A collection of new software tools is presented for the analysis of geometrical, chemical and crystallographic data from the Cambridge Structural Database (CSD). This software supersedes the program Vista. The new functionality is integrated into the program Mercury in order to provide statistical, charting and plotting options alongside three-dimensional structural visualization and analysis. The integration also permits immediate access to other information about specific CSD entries through the Mercury framework, a common requirement in CSD data analyses. In addition, the new software includes a range of more advanced features focused towards structural analysis such as principal components analysis, cone-angle correction in hydrogen-bond analyses and the ability to deal with topological symmetry that may be exhibited in molecular search fragments.

Keywords: data analysis; computer programs; Cambridge Structural Database; substructure; Vista.

1. Introduction

The Cambridge Structural Database (CSD; Allen, 2002 ) is the international standard repository for small-molecule crystal structures and is curated by the Cambridge Crystallographic Data Centre (CCDC). There are now more than 500 000 structures archived in the CSD (https://www.ccdc.cam.ac.uk/500000.php ). This represents an enormous volume of information relating to intramolecular, intermolecular and crystallographic parameters. The CSD System incorporates an extensive suite of user-friendly and flexible tools for searching and analysing this wealth of information. Chemical knowledge extracted from the CSD is applicable to many areas of the chemical and physical sciences, especially pharmaceutical drug discovery, materials design, and drug development and formulation.

The CSD is frequently used for statistical analysis of intramolecular and intermolecular geometric structural parameters as well as other data types such as space group, colour, morphology and unit-cell dimensions. The program Vista (CCDC, 1994 ) has been the main statistical analysis tool in the CSD System since its original development. Since then, a great deal of the CCDC code base and programs have been replaced with newer and more advanced software written in C++. There remains a need in the CSD System for this type of analysis tool which is specifically tailored towards dealing with information extracted from crystal structures, and thus we are now turning our attention to upgrading this area of the system. This paper describes a new set of functionality developed to supersede Vista.

2. Overview

As the software requirements of users and the CSD System itself have evolved over the past few decades, more emphasis has been placed on three-dimensional visualization of data and closer interactivity between CCDC data analysis tools.
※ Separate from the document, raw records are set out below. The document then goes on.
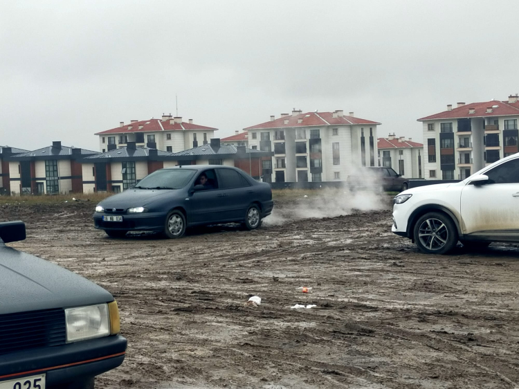 Hastaneye gelen ve araçlarını otoparka bırakan vatandaşlar, zor anlar yaşadı. Araçların sürekli hareket etmesiyle birlikte toprağın bataklığa dönüşmesiyle araç sürücüsü ilerlemekte güçlük çekti.
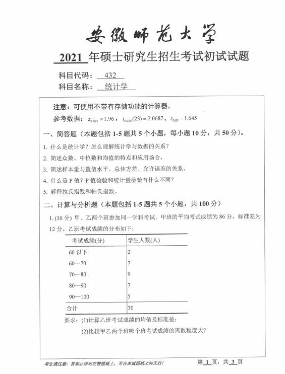 2021安徽师范大学432统计学考研初试真题(下载)
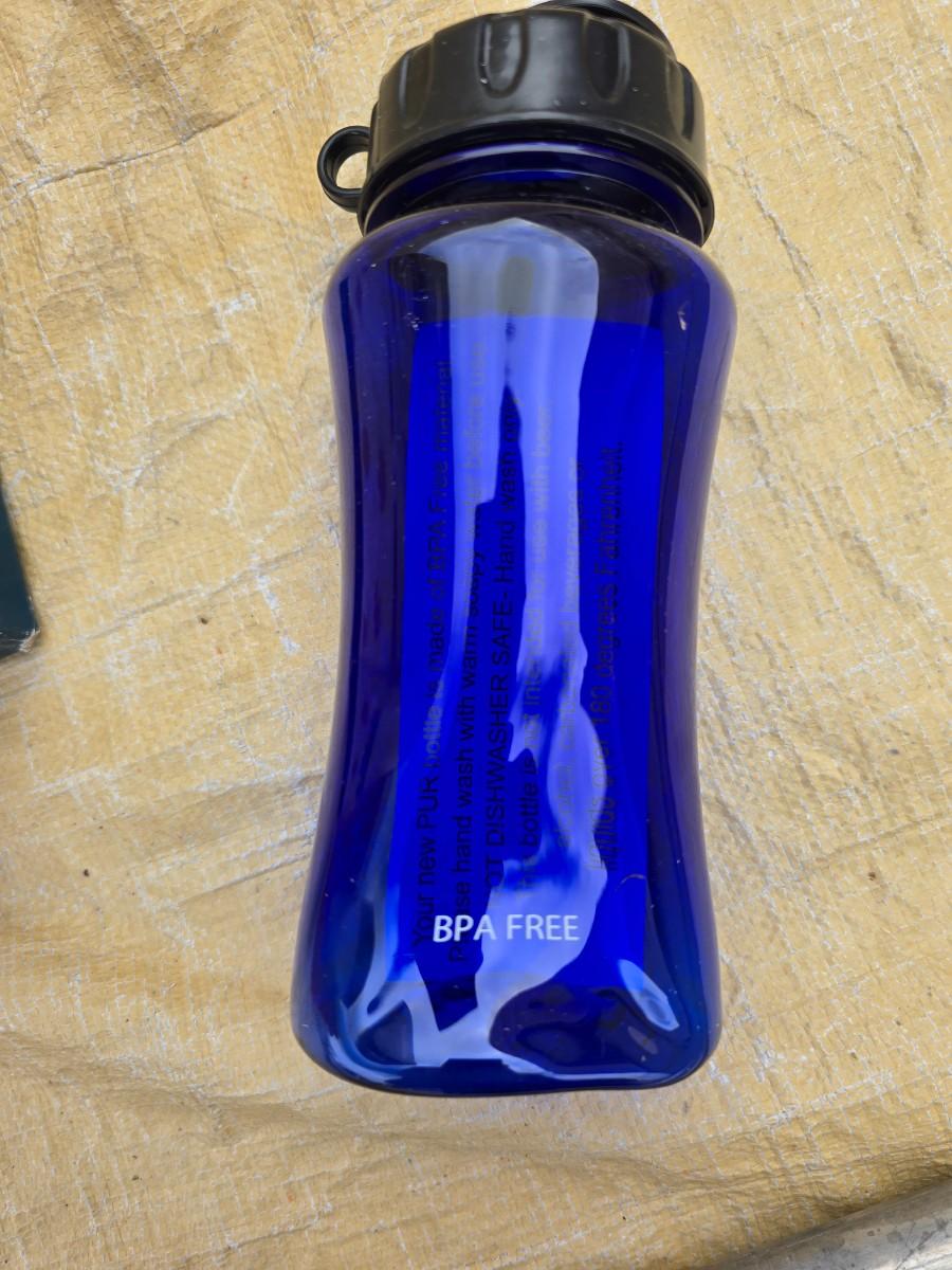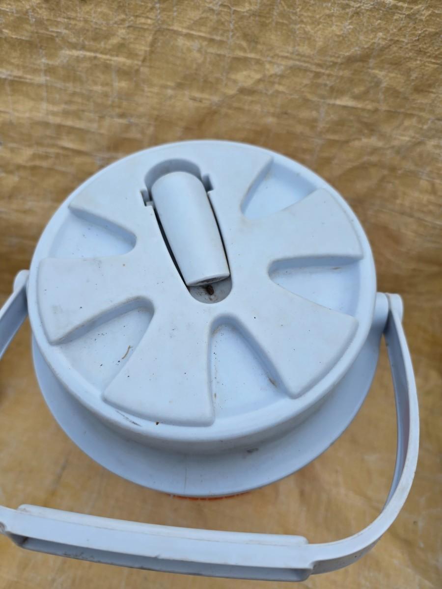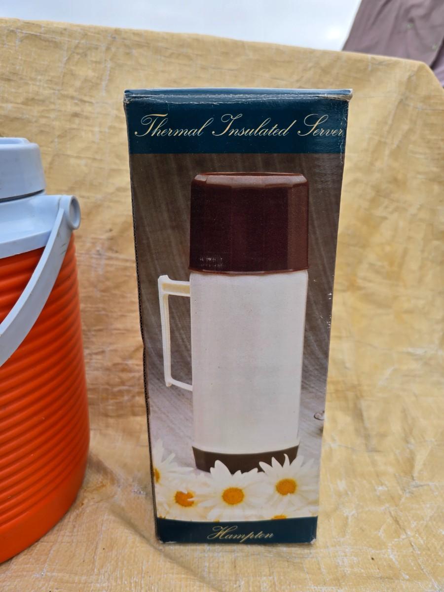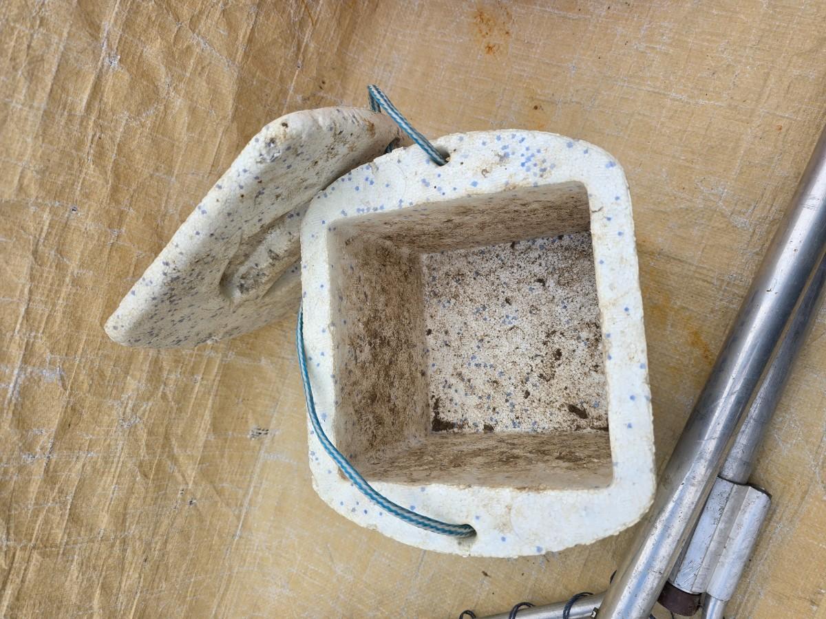 Two long, large fish nets - bob bet bait box- thermos, and a water bottle
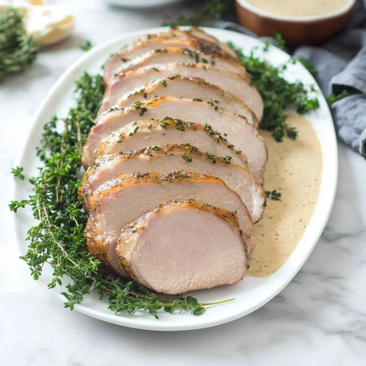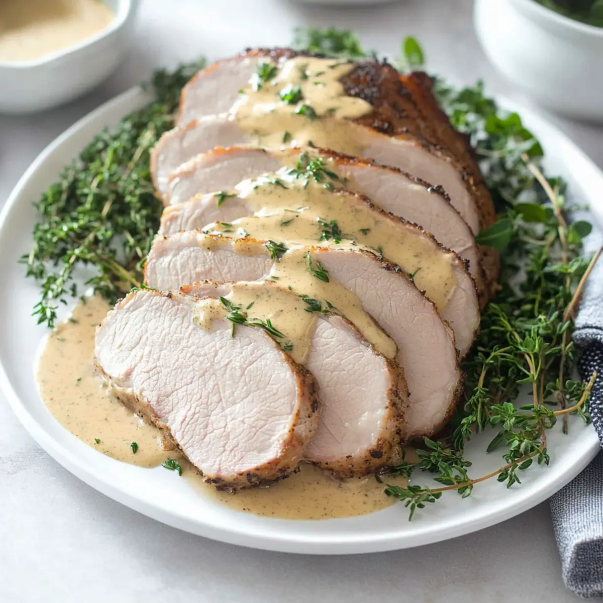 Finish the dijon cream sauce by stirring in dijon mustard and chopped fresh thyme. Taste and adjust seasoning with salt and black pepper as needed. This luxurious sauce will complement the juiciness of your roast, adding a gourmet touch to your dining experience. Serve alongside the sliced pork for a truly special meal.
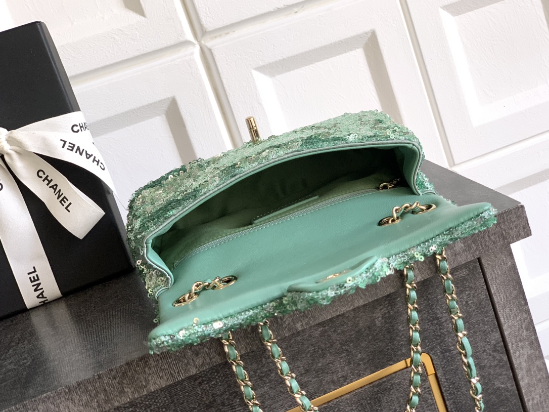 Shipping Now! 💚 “Green Lava Clasp” – Chanel Sequin CF Bag
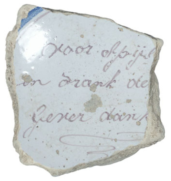 | 5c | spiegel: tekst in paars: VOOR SPIJS EN DRANK DE GEVER DANK inwendig: blauw en paars |
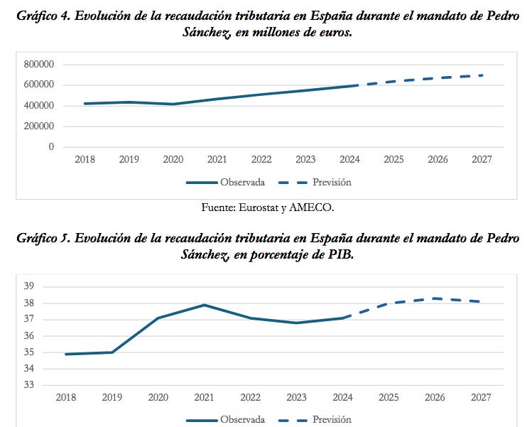 Desde 2018, los ingresos tributarios han crecido en 168.166 M€ (+39,7%), y podrían alcanzar +248.000 M€ en 2026 (+58,5%). La presión fiscal habría subido 3,4 puntos de PIB en ocho años, sin precedentes históricos.
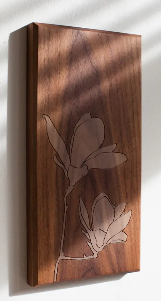Magnolia, CNC routed in solid walnut.- Made in USA.
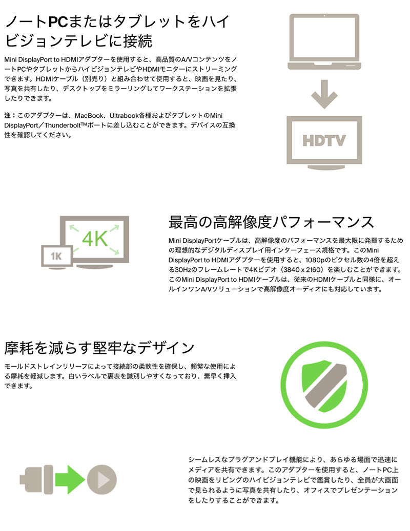 注:このアダプターは、MacBook、Ultrabook各種およびタブレットのMini DisplayPort/Thunderbolt ポートに差し込むことができます。デバイスの互換性を確認してください。
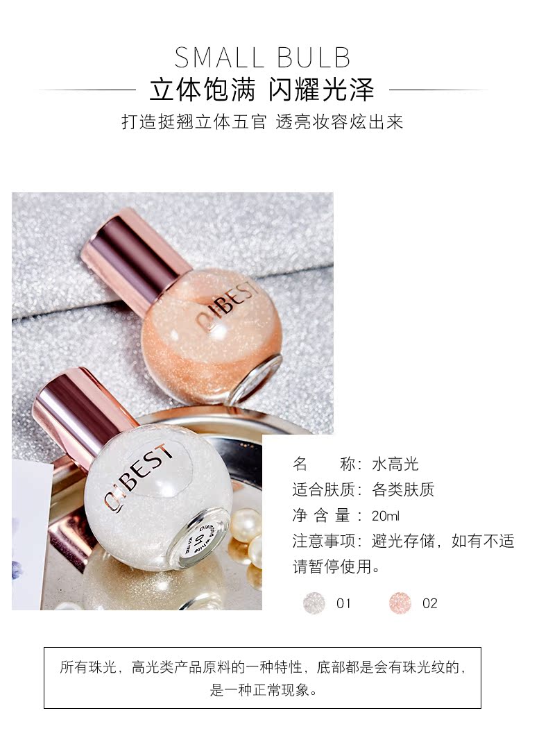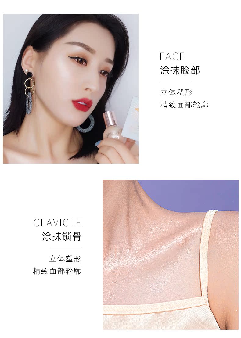 【第2件10元】水润闪亮高光液,滚珠式设计,易上手,顺滑速干,比固体高光更细腻,不卡粉服帖,打造挺翘立体五官,防水防汗不易脱妆!

To provide a more flexible and extensible framework for statistical analysis of CSD data, a new set of tools has been developed. These tools incorporate and extend the functionality previously contained in Vista and provide a highly interactive interface in which the data spreadsheet, histograms, scatterplots and the three-dimensional visualizer are all inter-connected. New options in this software over and above the Vista capabilities include a facility to deal accurately and easily with cases of topological symmetry in the CSD search fragment, as well as improved functionality to deal with circular descriptors, e.g. torsion angles.

This new software has been implemented as a plug-in to the program Mercury (Macrae et al., 2008 ) and represents a step towards centralizing all the functionality contained in the CSD System. The following provides an overview of the new functionality, which includes all of the options available in the original Vista program together with many new features.

3. Technical details

3.1. Program language and architecture

The new tools are written in C++, as is Mercury itself, and use functionality provided by the CCDC's C++ Toolkit (Bruno et al., 2002 ). This toolkit is central to a large number of the programs now produced by the CCDC, including Mercury (Macrae et al., 2008), Mogul (Bruno et al., 2004 ), IsoStar (Bruno et al., 1997 ), WebCSD (Thomas et al., 2010 ) and enCIFer (Allen et al., 2004 ).

3.2. Database back-end

When numerical data are transferred to Mercury for statistical analysis either from a ConQuest search, a Materials module packing feature search (Macrae et al., 2008) or a raw data file, the information is stored in a relational database system (currently SQLite; https://www.sqlite.org ) for fast access. This relational database system, packaged along with the CSD System, runs in the background and serves to ensure that look-up of data and interaction between plots and spreadsheets in the program is extremely fast.

4. Graphical user interface and visualization capabilities

4.1. Data sets and selections

Any data set read into the program will be displayed in a spreadsheet, allowing a range of options for browsing and sorting based on the columns or parameter descriptors that are available. New data sets introduced within a session are presented in separate spreadsheets, allowing the user to switch back and forward easily between data sets. Control can be applied over the individual data items shown at any one time using the concept of hidden data. This means that the user can quickly narrow down a data set to only display those data within a user-defined set of criteria.

To manipulate the data for analysis, selections can be made by using click and drag on the spreadsheet or in any of the plot windows. In addition, there are a number of further options for making selections, such as filtering, whereby cut-off criteria can be applied for each of the descriptors, and grouping, which allows simple grouping based on integer descriptors. Fig. 1 shows the data analysis software interface with a set of data points selected. The selection is shown across the scatterplot, histogram, spreadsheet and three-dimensional visualizer simultaneously and updates dynamically with any changes made to the selection.

Figure 1
Illustration of the data analysis interface including the spreadsheet and two plot types. The data shown pertain to hydrogen bonds to halide ions and the selected points are those where the specific halogen involved is bromine.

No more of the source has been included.